Harriet Lee

Personal information
- Full name: Harriet Lee
- Nationality: British
- Born: 6 May 1991 (age 35) Huntingdon, England

Sport
- Sport: Swimming
- Club: City of Peterborough Swimming Club

Medal record
Women's swimming
Representing Great Britain
Paralympics
| Bronze medal – third place | 2012 London | 100 metres breastroke - SB9 |
| Silver medal – second place | 2016 Rio | 100 metres breastroke - SB9 |
IPC World Championships
| Gold medal – first place | 2010 Eindhoven | 100m breaststroke SB9 |
| Gold medal – first place | 2016 Funchal | 100m medley relay 34pts |
| Silver medal – second place | 2010 Eindhoven | 4x100m medley relay 34pts |
| Silver medal – second place | 2013 Montreal | 100m breaststroke SB9 |
IPC Swimming European Championships
| Silver medal – second place | 2016 Funchal | 100 m breaststroke SB9 Medal gold 34pt 4x100m medley relay |

= Harriet Lee (swimmer) =

British Paralympic swimmer (born 1991)

Harriet Lee (born 6 May 1991) is a British Paralympic swimmer who represented Great Britain at the 2012 Summer Paralympics.

==Personal life==
Lee was born in Huntingdon, England and has been swimming since she was a baby and competing since 2002. She has Beckwith-wiedemann syndrome meaning the left side of her body is shorter than her right.
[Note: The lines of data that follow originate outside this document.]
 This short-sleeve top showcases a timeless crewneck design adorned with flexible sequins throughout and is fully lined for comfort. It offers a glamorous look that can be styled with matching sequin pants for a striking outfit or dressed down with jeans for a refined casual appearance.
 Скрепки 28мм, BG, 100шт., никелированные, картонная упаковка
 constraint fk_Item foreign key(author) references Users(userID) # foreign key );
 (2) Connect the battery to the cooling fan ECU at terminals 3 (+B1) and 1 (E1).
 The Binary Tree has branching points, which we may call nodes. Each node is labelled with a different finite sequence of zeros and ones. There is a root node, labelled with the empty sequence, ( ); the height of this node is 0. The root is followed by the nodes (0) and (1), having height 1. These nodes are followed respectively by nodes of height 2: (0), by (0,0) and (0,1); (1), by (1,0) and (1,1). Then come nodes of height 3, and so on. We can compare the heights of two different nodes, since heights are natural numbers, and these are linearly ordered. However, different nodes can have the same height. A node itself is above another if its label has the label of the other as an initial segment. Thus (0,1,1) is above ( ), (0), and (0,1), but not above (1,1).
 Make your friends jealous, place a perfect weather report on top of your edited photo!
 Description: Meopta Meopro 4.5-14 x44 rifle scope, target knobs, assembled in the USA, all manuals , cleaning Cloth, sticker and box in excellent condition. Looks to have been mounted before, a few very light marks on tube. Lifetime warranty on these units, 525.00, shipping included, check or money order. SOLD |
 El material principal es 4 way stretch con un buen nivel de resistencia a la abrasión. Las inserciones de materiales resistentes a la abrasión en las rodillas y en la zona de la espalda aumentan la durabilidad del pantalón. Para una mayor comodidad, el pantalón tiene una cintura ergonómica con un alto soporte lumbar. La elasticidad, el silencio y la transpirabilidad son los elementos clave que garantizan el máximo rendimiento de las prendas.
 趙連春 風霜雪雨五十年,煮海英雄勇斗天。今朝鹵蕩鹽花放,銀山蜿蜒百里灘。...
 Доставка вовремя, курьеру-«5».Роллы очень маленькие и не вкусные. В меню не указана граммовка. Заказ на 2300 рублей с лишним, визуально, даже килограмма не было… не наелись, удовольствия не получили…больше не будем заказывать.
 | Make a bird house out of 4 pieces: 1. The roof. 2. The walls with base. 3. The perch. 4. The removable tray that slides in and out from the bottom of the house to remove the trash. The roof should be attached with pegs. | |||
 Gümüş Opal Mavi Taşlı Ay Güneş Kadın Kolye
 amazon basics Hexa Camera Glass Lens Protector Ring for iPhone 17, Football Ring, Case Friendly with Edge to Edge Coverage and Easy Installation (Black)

She also struggles to control her blood sugar levels.

==Career==
Lee first represented Great Britain in 2010 at the World championships in the Netherlands where she won silver in the women's 4x100 individual medley 34-point relay and gold in the 100m Breaststroke SB9. Although selected Harriet missed out on competing at the European championship in 2011 through illness.

In the 2012 British Championships in London, she won a gold medal in the 100m Breaststroke SB9 competition and on 8 September 2012 at the 2012 Paralympics she won a bronze medal in the same event having broken the European record in the heats with a time of 1min 19.44 secs. Only four months before the event she had been in intensive care in hospital.

In the 2016 Olympics, held in Rio de Janeiro, Brazil, Lee received her second silver medal. On 8 September 2016 she received the silver medal in the 100m Breaststroke SB9 with a time of 1 min 16.87 secs.